The issues of using minorities as laborers, little pay rates, processing plant security, representatives' wellness, and ecological debasement in third world economies stays unaddressed. The ventures in these poor nations should search for the prosperity of their representatives like they are family as opposed to underestimating them. Morgan highlights the same issue by analyzing the following statistics in his documentary
“Fashion is the second most polluting industry in the world, second only to oil; we now consume 500% more clothing than we did two decades ago; in 1960 America produced over 95% of its own clothing, while today the figure stands at 3%, with the rest outsourced to developing countries.”
The idea of social responsibility is unfamiliar to the third world nations. The sheer absence of awareness for representative's rights and no suits need to change at the earliest. Indeed, even in this dynamic age where the world discusses human rights and related well-being, one of the essential experiences that the fabric production companies are still facing are child labor and forced labor.

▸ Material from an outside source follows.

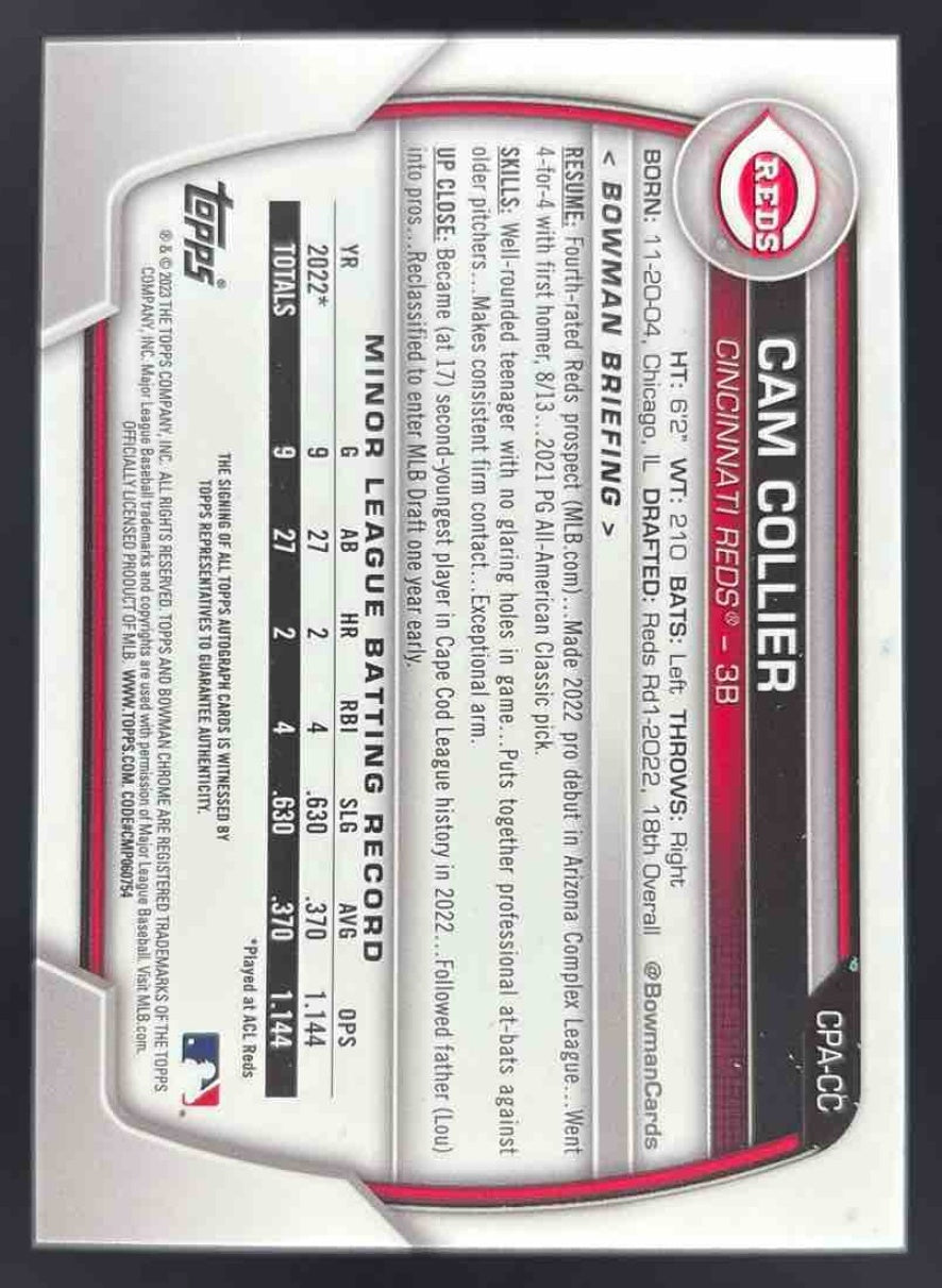 2023 Bowman Chrome Autographs #CPA-CC Cam Collier Autograph RC Auto

The leading garment and clothing import businesses of Europe and United States which proudly make public announcements of their CSR activities for the welfare of their people and the environment tend to forget their oaths when it comes to developing countries. The laws and guidelines in every one of such nations fluctuate radically. Likewise, it is the situation particularly for the creating nations whose economies rely upon the outside earnings originating from the import of piece of clothing. The administration keeps on discrediting any work laws and disregard the circumstance of their kin to hold the specific outside speculations and to moderate the danger of losing these vast players to another country offering the services at much lower prices. It prompts further decrease of the assembling costs, and even the enormous garments trademarks will in general disregard the grave wrongdoing for the egregious working conditions when it comes to outsourcing their production. The 3rd world countries, for instance, India don't pay emphasis to strict implementations of the labor laws like USA or Germany which has led to more and more outsourcing to these countries by the big players to avoid all costs of litigations.

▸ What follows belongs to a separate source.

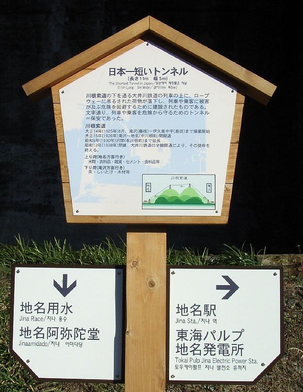 いかにもトマソンなこの構造物は、むかしこの上を通っていた『川根電力索道』の落下物防止用シェッドというのが本来の役割だった。現物の脇には、最近立てられたとおぼしき“日本一短いトンネル”と謳われた説明板が立てられているのだが、厳密にはトンネルというべきかどうか微妙な代物。そもそも、仮にトンネルであるとしても、公称11mということは実際に鉄道用で一番短い吾妻線の樽沢隧道(7.2m)よりは長いのだから、説明板の記述には少々首をひねらざるを得ない。

The summary remains that all the facts stated in the documentary are all appallingly frightening. However, the video attempts not only to highlight the problems but presents a few solutions in the urgency of the affair. While the attitude of big brands regarding the issue can't be forgotten, it is essential to remember the struggles of a few "fair trade" attire industrialists, for instance, Stella McCartney, who continues to spread awareness about environmental apprehensions and create better job opportunities for many into her company.
References
Jenkins, R., 2005. Globalization, corporate social responsibility and poverty. International affairs, 81(3), pp.525-540.
Barua, U. and Ansary, M.A., 2017. Workplace safety in Bangladesh ready-made garment sector: 3 years after the Rana Plaza collapse. International Journal of Occupational Safety and Ergonomics, 23(4), pp.578-583.
Siddiqui, J. and Uddin, S., 2016. Human rights disasters, corporate accountability and the state: Lessons learned from Rana Plaza. Accounting, Auditing & Accountability Journal, 29(4), pp.679-704.